> _What you need to do_: Reproduce the data in full, exactly as given, leaving images out.

::::

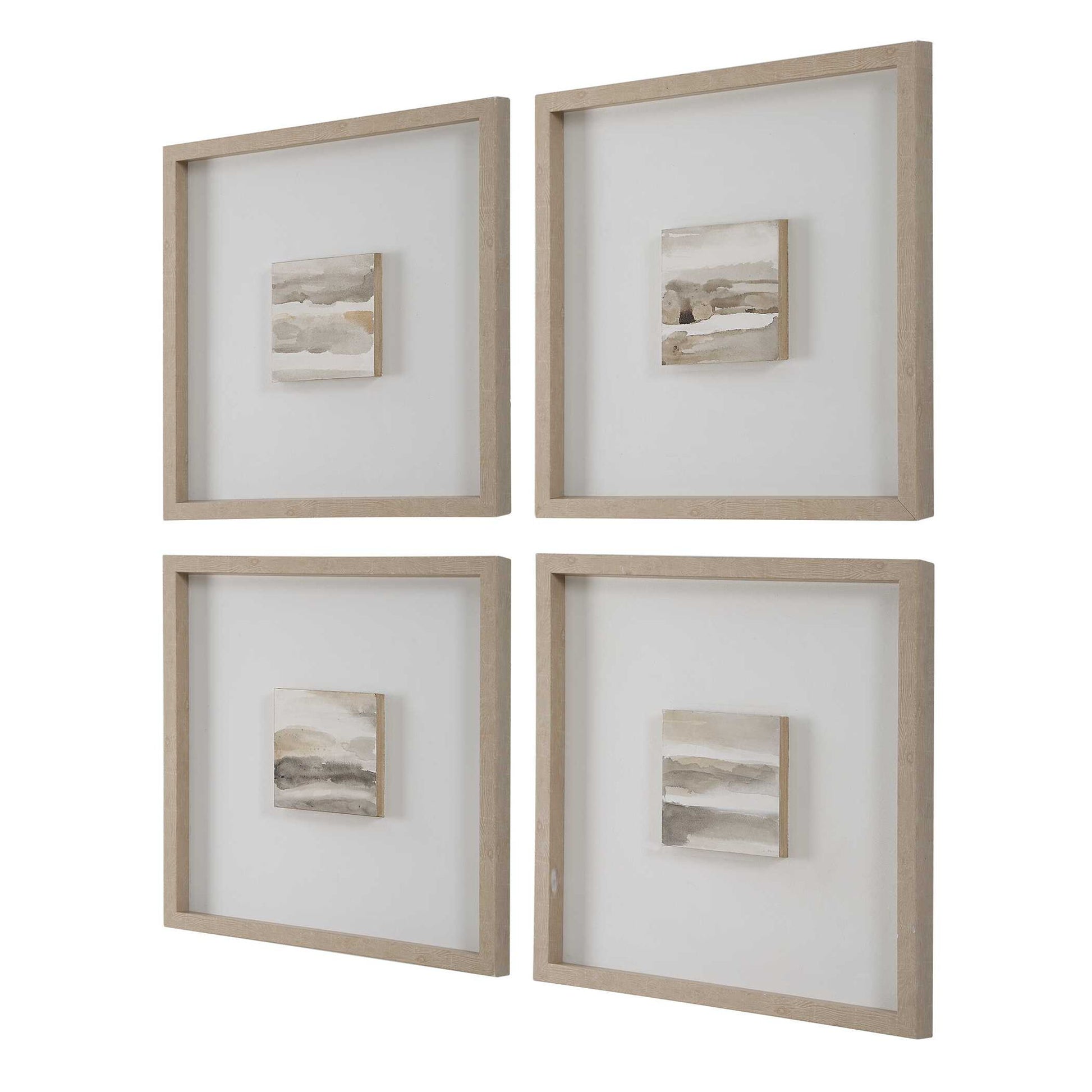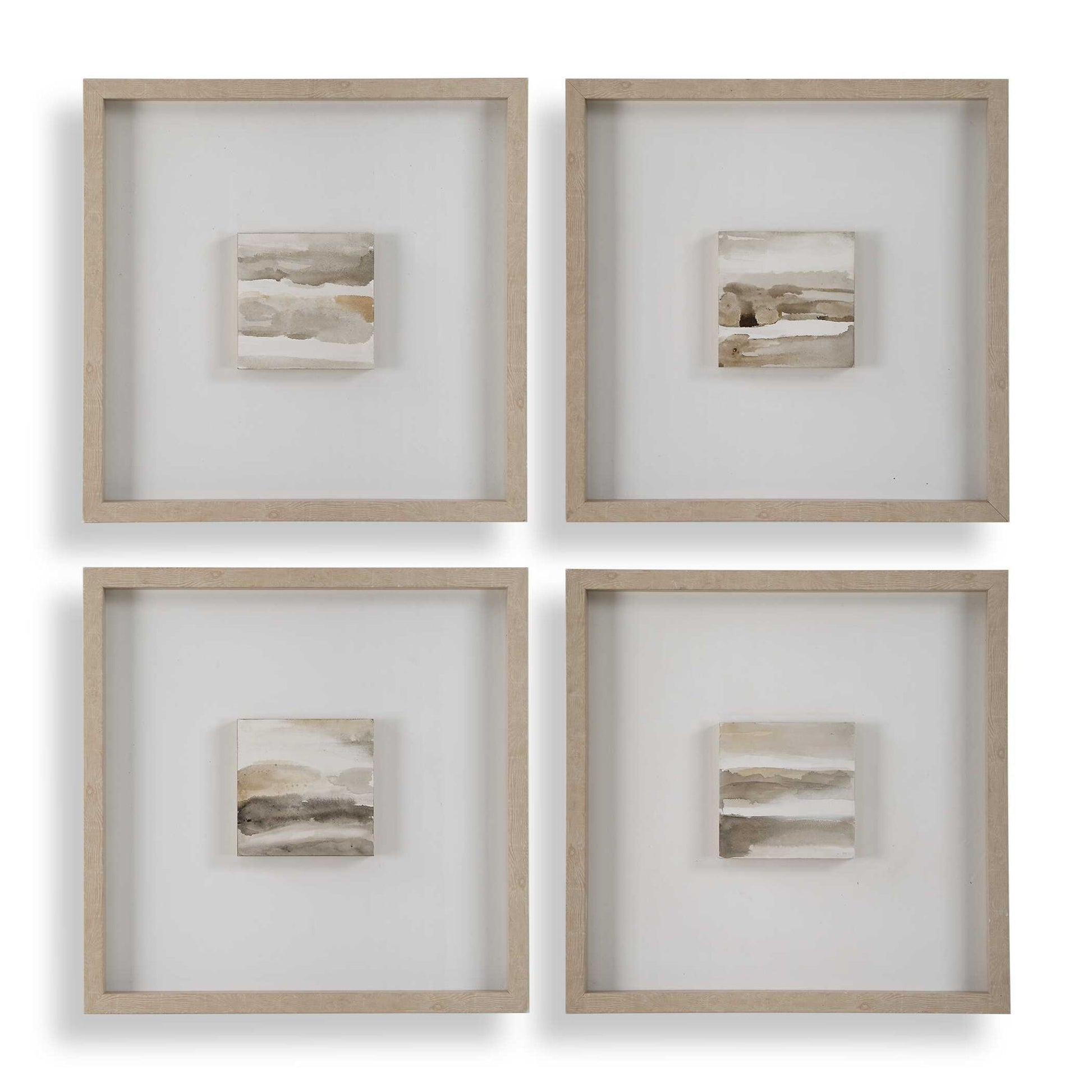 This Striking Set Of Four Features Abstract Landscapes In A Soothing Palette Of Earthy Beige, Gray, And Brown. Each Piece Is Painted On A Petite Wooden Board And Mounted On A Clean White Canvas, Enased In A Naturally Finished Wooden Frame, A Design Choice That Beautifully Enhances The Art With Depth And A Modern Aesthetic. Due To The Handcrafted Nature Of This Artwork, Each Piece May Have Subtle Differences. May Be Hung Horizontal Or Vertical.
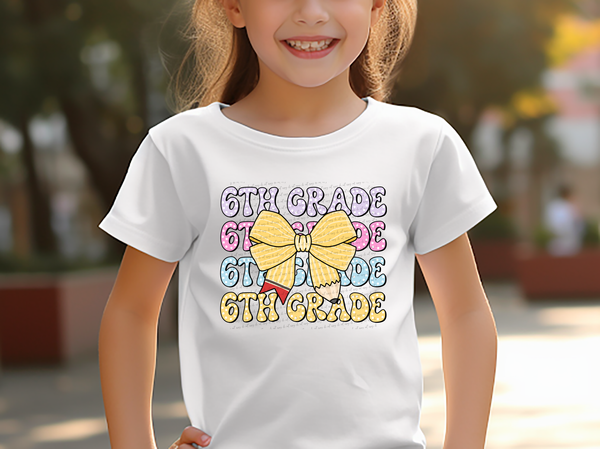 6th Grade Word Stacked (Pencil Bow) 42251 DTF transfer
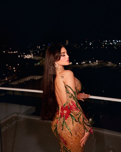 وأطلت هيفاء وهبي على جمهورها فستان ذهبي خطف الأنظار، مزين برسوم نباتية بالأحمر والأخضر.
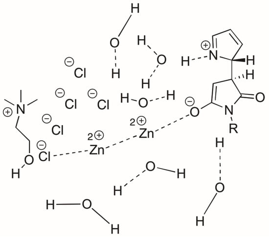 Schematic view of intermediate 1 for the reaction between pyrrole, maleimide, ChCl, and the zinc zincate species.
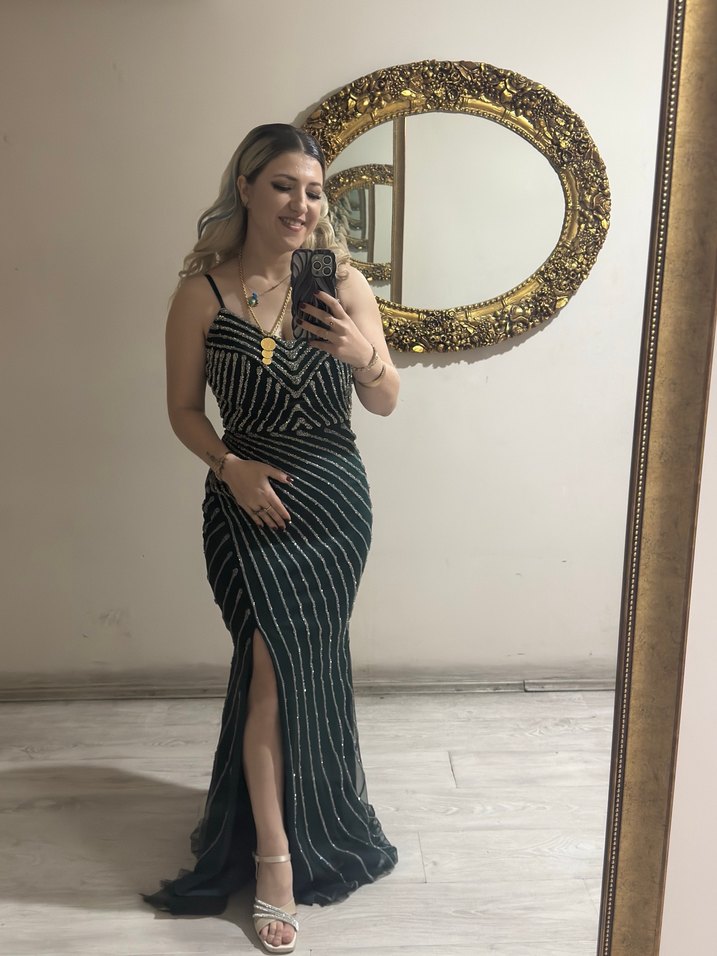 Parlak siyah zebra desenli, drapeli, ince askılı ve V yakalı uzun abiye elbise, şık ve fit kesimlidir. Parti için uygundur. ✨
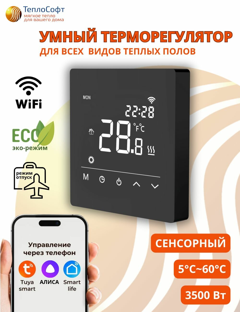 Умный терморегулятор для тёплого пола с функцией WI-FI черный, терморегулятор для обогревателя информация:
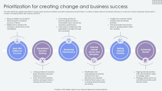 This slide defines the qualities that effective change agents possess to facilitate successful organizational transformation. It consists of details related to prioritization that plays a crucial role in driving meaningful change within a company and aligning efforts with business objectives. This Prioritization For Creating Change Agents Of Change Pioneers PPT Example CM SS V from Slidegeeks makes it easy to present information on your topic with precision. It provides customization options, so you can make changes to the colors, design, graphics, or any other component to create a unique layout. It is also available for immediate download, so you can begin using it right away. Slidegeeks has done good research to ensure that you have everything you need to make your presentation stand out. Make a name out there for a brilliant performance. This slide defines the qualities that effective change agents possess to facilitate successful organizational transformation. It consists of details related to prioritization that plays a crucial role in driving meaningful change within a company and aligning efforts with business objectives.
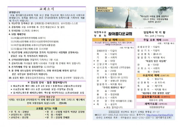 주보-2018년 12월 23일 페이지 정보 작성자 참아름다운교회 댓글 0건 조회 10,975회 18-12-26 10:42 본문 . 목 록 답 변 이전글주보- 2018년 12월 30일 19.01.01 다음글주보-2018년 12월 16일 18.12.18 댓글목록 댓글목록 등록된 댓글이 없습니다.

::::

> _Answer to this exercise_:
 This Striking Set Of Four Features Abstract Landscapes In A Soothing Palette Of Earthy Beige, Gray, And Brown. Each Piece Is Painted On A Petite Wooden Board And Mounted On A Clean White Canvas, Enased In A Naturally Finished Wooden Frame, A Design Choice That Beautifully Enhances The Art With Depth And A Modern Aesthetic. Due To The Handcrafted Nature Of This Artwork, Each Piece May Have Subtle Differences. May Be Hung Horizontal Or Vertical.
 6th Grade Word Stacked (Pencil Bow) 42251 DTF transfer
 وأطلت هيفاء وهبي على جمهورها فستان ذهبي خطف الأنظار، مزين برسوم نباتية بالأحمر والأخضر.
 Schematic view of intermediate 1 for the reaction between pyrrole, maleimide, ChCl, and the zinc zincate species.
 Parlak siyah zebra desenli, drapeli, ince askılı ve V yakalı uzun abiye elbise, şık ve fit kesimlidir. Parti için uygundur. ✨
 Умный терморегулятор для тёплого пола с функцией WI-FI черный, терморегулятор для обогревателя информация:
 This slide defines the qualities that effective change agents possess to facilitate successful organizational transformation. It consists of details related to prioritization that plays a crucial role in driving meaningful change within a company and aligning efforts with business objectives. This Prioritization For Creating Change Agents Of Change Pioneers PPT Example CM SS V from Slidegeeks makes it easy to present information on your topic with precision. It provides customization options, so you can make changes to the colors, design, graphics, or any other component to create a unique layout. It is also available for immediate download, so you can begin using it right away. Slidegeeks has done good research to ensure that you have everything you need to make your presentation stand out. Make a name out there for a brilliant performance. This slide defines the qualities that effective change agents possess to facilitate successful organizational transformation. It consists of details related to prioritization that plays a crucial role in driving meaningful change within a company and aligning efforts with business objectives.
 주보-2018년 12월 23일 페이지 정보 작성자 참아름다운교회 댓글 0건 조회 10,975회 18-12-26 10:42 본문 . 목 록 답 변 이전글주보- 2018년 12월 30일 19.01.01 다음글주보-2018년 12월 16일 18.12.18 댓글목록 댓글목록 등록된 댓글이 없습니다.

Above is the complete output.